Your job with the data below: print everything from the line that holds "This chronometer is" down to the line that holds "2021年11月17-19日", ends included, exactly, and nothing else.

**Dataset entries:**
##############################

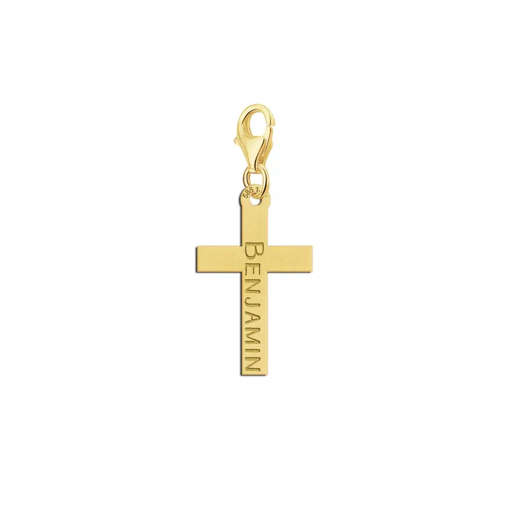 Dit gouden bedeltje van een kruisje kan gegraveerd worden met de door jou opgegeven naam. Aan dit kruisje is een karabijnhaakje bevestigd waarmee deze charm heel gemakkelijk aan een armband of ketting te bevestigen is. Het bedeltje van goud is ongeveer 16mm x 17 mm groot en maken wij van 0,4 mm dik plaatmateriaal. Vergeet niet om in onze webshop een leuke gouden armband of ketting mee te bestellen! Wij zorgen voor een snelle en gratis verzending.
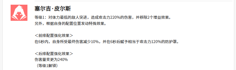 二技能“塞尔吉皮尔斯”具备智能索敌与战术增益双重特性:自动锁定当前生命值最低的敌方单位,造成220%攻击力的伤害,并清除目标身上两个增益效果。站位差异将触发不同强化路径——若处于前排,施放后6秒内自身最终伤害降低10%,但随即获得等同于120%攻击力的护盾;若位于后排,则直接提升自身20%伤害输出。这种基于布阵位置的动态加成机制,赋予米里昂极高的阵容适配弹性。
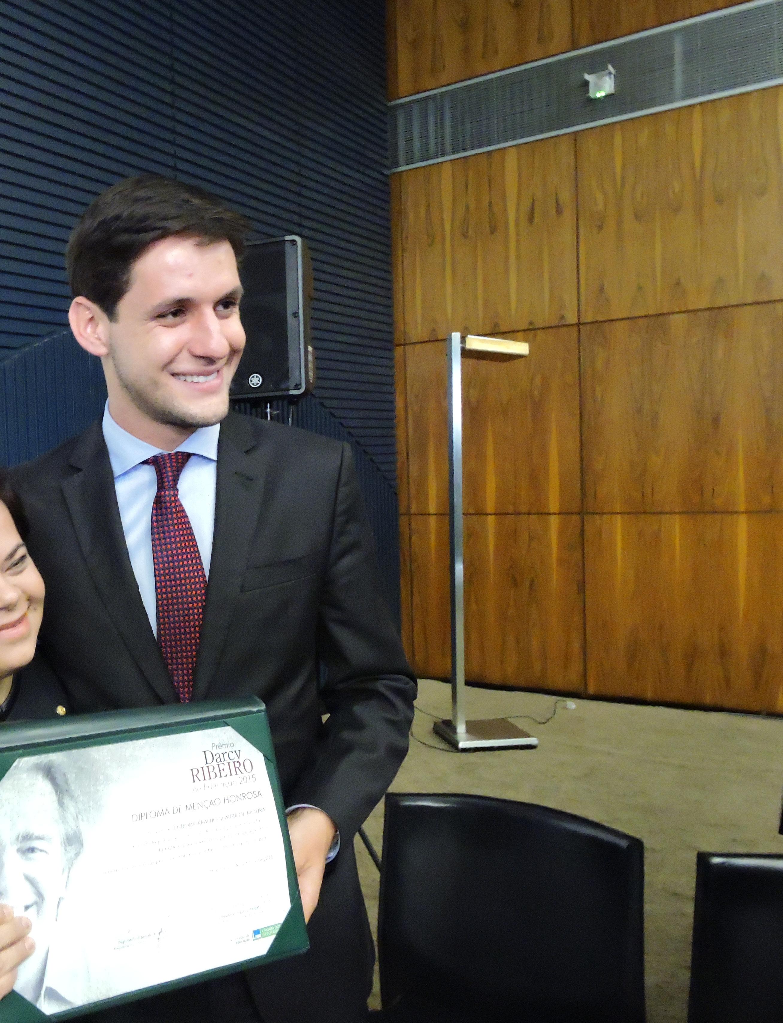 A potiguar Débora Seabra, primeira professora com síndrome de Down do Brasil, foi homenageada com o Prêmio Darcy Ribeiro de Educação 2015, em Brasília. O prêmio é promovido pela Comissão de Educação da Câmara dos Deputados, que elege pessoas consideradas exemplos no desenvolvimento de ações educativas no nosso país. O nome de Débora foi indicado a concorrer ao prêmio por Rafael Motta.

##############################

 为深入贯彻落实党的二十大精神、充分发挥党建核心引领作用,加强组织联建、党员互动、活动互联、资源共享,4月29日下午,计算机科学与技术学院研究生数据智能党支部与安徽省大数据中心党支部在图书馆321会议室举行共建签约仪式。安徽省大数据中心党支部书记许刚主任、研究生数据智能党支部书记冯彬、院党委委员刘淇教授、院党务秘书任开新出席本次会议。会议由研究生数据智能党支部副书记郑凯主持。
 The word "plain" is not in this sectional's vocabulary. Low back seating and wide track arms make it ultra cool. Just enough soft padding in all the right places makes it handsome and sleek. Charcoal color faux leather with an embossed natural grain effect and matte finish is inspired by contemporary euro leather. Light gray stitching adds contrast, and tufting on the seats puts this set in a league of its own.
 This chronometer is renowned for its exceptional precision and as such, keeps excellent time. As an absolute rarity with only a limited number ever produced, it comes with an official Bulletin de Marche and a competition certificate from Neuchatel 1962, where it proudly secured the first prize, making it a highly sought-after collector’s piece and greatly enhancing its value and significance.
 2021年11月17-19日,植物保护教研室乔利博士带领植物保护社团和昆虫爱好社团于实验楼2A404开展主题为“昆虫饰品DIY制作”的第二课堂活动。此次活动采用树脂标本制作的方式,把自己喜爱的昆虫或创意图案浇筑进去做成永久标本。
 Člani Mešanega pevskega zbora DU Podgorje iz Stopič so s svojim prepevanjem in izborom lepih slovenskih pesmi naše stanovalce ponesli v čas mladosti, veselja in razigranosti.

##############################

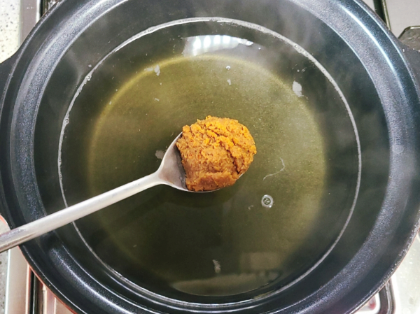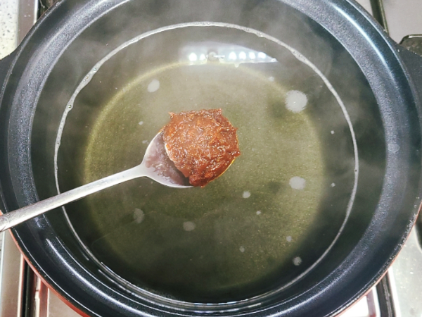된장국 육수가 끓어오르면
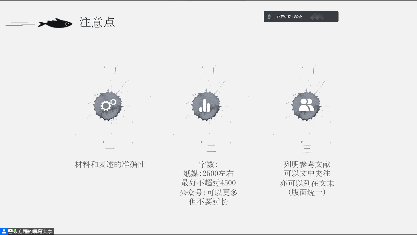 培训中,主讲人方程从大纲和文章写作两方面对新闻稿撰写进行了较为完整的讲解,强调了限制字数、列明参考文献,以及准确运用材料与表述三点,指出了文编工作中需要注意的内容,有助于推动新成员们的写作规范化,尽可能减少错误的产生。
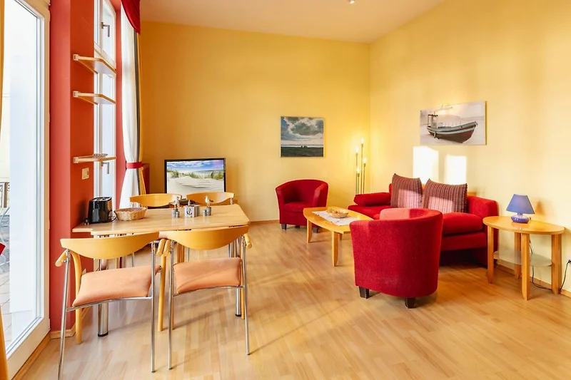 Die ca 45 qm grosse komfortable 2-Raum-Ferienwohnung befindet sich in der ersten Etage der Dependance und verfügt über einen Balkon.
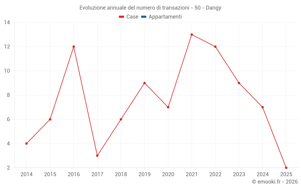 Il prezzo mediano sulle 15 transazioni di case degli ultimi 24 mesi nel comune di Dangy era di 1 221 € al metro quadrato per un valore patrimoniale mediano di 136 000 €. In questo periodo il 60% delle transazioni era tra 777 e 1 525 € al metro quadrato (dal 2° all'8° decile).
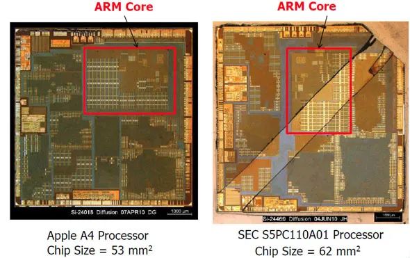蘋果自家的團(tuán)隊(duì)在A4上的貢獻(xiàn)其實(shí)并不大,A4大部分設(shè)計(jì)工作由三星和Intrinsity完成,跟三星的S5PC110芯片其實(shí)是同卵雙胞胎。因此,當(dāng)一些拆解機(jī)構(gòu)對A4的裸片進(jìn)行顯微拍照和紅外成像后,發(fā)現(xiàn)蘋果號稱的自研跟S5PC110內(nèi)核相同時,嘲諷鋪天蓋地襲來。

##############################

**Answer to this problem:**
 This chronometer is renowned for its exceptional precision and as such, keeps excellent time. As an absolute rarity with only a limited number ever produced, it comes with an official Bulletin de Marche and a competition certificate from Neuchatel 1962, where it proudly secured the first prize, making it a highly sought-after collector’s piece and greatly enhancing its value and significance.
 2021年11月17-19日,植物保护教研室乔利博士带领植物保护社团和昆虫爱好社团于实验楼2A404开展主题为“昆虫饰品DIY制作”的第二课堂活动。此次活动采用树脂标本制作的方式,把自己喜爱的昆虫或创意图案浇筑进去做成永久标本。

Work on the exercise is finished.